What, then, are the off-diagonal entries? These are the covariances between pairs $X_i$ and $X_j$, defined as
\[\begin{equation} \sigma_{ij}:=\text{cov}\left(X_i, X_j\right)=\mathbb{E}\left[(X_i-\mathbb{E}[X_i])(X_j-\mathbb{E}[X_j])\right]. \end{equation}\]It is clear that Equation $6$ generalises Equation $1$, with the variance case being the special instance $i = j$:
\[\begin{equation} \mathbb{V}[X_i]=\text{cov}(X_i, X_i). \end{equation}\]Moreover, $\sigma_{ij}$ is affected not only by the univariate variances of the two variables but also by how much those variables are correlated with one another. For example, suppose $X_i$ and $X_j$ both exhibit high variance, but are uncorrelated—that is, there is no statistical relationship between large (or small) values of $X_i$ and those of $X_j$. In that case, we would expect $\sigma_{ij}$ to be small (as shown in Figure $1$).

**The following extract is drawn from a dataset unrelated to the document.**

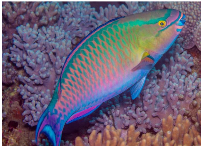
Slika 1. Vrsta Scarus tricolor u svom prirodnom staništu.

U svjetskim morima obitava veliki broj živopisnih vrsta riba koje svojim djelovanjem imaju određeni utjecaj na okoliš. Jedne od takvih su papigače koje spadaju u porodicu Scaridae koja se dijeli na 10 rodova (Parenti i Randall, 2011): Bolbometopon (Smith, 1956), Cetoscarus (Smith, 1956), Chlorurus (Swainson, 1839), Calotomus (Gilbert, 1890), Hipposcarus (Smith, 1956), Scarus (Forsskål, 1775), Sparisoma (Swainson, 1839), Cryptotomus (Cope, 1871), Leptoscarus (Swainson, 1839) i Nicholsina (Fowler, 1915). Nalazimo ih u tropskim i suptropskim područjima, a izgledom se ističu svojim širokim spektrom boja i zadivljujućim uzorcima po cijelom tijelu (Slika 1).

This intuitive argument is why $\sigma_{ij}$ can be written in terms of the Pearson correlation coefficient, $\rho_{ij}$:
\[\begin{equation} \sigma_{ij}=\rho_{ij}\sigma_{i}\sigma_{j} \end{equation}\]This again generalises Equation $1$, with $\rho_{ij}=1$ in the variance case.
Using the $\sigma_{ij}$ notation from Equation $8$, we can rewrite the covariance matrix as
\[\begin{equation} \Sigma= \begin{bmatrix} \sigma_1^2 & \rho_{12}\sigma_1\sigma_2 & \cdots & \rho_{1n}\sigma_1\sigma_n \\ \rho_{21}\sigma_2\sigma_1 & \sigma_2^2 & \cdots & \rho_{2n}\sigma_2\sigma_n \\ \vdots & \ddots & \cdots & \vdots \\ \rho_{n1}\sigma_n\sigma_1 & \rho_{n2}\sigma_n\sigma_2 & \cdots & \sigma_n^2\\ \end{bmatrix}. \end{equation}\]A little algebra allows us to decompose the matrix in Equation $9$ as follows, resembling a multi-dimensional generalisation:
\[\begin{equation} \Sigma= \begin{bmatrix} \sigma_1 &&&\\ &\sigma_2 &&\\ &&\ddots& \\ &&& \sigma_n \\ \end{bmatrix} \begin{bmatrix} 1 & \rho_{12} & \ldots & \rho_{1n}\\ \rho_{21} & 1 & \ldots & \rho_{2n}\\ \ldots & \ldots & \ddots & \ldots\\ \rho_{n1} & \rho_{n2} & \ldots & 1\\ \end{bmatrix} \begin{bmatrix} \sigma_1 &&&\\ &\sigma_2 &&\\ &&\ddots& \\ &&& \sigma_n \\ \end{bmatrix}. \end{equation}\]The central matrix is the correlation matrix, encoding the Pearson (linear) correlations between each pair of variables in $\mathbf{X}$. Thus, the covariance matrix of $\mathbf{X}$ captures both the individual dispersions of the $X_i$ and their covariances with the other variables. If we regard scalar variance as a univariate covariance matrix, the one-dimensional case may be written as
\[\begin{equation} \Sigma=[\text{cov}(X,X)]=[\sigma][1][\sigma]. \end{equation}\]While Equation $11$ is of little practical use, it emphasises the idea that univariate variance is simply a special case of covariance matrices.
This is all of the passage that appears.